Monday, September 5, 2011

an italian dinner party

As a thank you to our friends Chris and Natalie for their chauffeuring services (they drove us to and from the airport for our Italian vacation), we invited them over for an Italian dinner party this past Saturday. We took a cooking class in Radda in Chianti and wanted to recreate a few of the items.

The Menu:

Cocktails: Campari spritzers or champagne cocktails
Appetizer: Natalie's sweet potato, arugula, and goat cheese pastries
Pasta: spinach and ricotta ravioli with tomato sauce
Entree: herbed pork loin cooked in milk
Side: roasted asparagus with parmesan
Wine: Chianti from Castello d'Arbolo (we brought this back from Italy)
Dessert: tiramisu

(puff pastry triangle pies)
The Plan:

On Thursday, I finalized our menu and made a shopping list for the ingredients we needed to purchase. I stopped by the grocery store on Friday evening to grab all the groceries and on Saturday morning we prepped as much as possible.
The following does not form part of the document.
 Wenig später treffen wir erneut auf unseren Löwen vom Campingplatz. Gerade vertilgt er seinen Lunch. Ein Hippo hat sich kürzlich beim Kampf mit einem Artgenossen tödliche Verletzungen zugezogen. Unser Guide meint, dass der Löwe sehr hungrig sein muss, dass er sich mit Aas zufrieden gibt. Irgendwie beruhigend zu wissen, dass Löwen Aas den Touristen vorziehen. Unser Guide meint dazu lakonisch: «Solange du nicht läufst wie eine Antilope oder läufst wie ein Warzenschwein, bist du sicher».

Josh mixed, kneaded, and rolled out the pasta dough while I measured up the filling. We assembled and parboiled the ravioli and then stored them in the fridge for later.

I chopped the herbs for the pork rub and wrapped it up for later use. Josh prepped the garnishes (orange slices and lemon peels) for the cocktails. I cut all the tomatoes, onion, garlic, and herbs for the tomato sauce and set them on the stove to slowly reduce all afternoon.
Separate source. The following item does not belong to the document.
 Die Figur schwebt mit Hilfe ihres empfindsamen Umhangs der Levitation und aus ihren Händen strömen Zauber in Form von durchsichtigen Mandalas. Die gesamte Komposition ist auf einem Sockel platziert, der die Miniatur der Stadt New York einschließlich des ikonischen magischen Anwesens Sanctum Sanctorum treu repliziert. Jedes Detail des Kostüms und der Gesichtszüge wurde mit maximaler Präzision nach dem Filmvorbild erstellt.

We followed all the steps for tiramisu and wrapped it up so the flavors could meld and the dessert could chill.

We set the table and pulled out all the platters and serving utensils we planned on using.

(homemade spinach and ricotta ravioli)
The Execution:

About 30 minutes before our friends arrived, we pre-heated the oven, lit some candles, and opened the wine so that the bottle could breathe. We brought a pot of salted water up to boil (to cook the pasta), rubbed the pork with the herbs, washed and trimmed the asparagus and set it on a tray with oil, salt, pepper, and a generous amount of shaved parmesan. We rubbed the pork with herbs, covered it with milk, oil, and butter, and placed it on the stove at medium heat. This is actually a common way to cook meat in Italy. And quite delicious.

Once our friends arrived, Josh concoted some cocktails, which we enjoyed with Natalie's seriously good sweet potato, arugula, and goat cheese pastries. About 30 minutes later, we tossed the asparagus in the oven (cooks 8-10 minutes at 400) and removed the pork from the milk. We wrapped the pork in foil and let it rest for 5 minutes. We boiled the pasta and plated it with tomato sauce. The pork was cut and plated with the reduced milk sauce and the asparagus was pulled out of the oven. Dinner was served!


The menu was a success, and it allowed us to actually spend time with our friends, versus running around the kitchen. I'll post our recipe for homemade spinach ricotta ravioli tomorrow. It's completely approachable and a great option for a dinner party!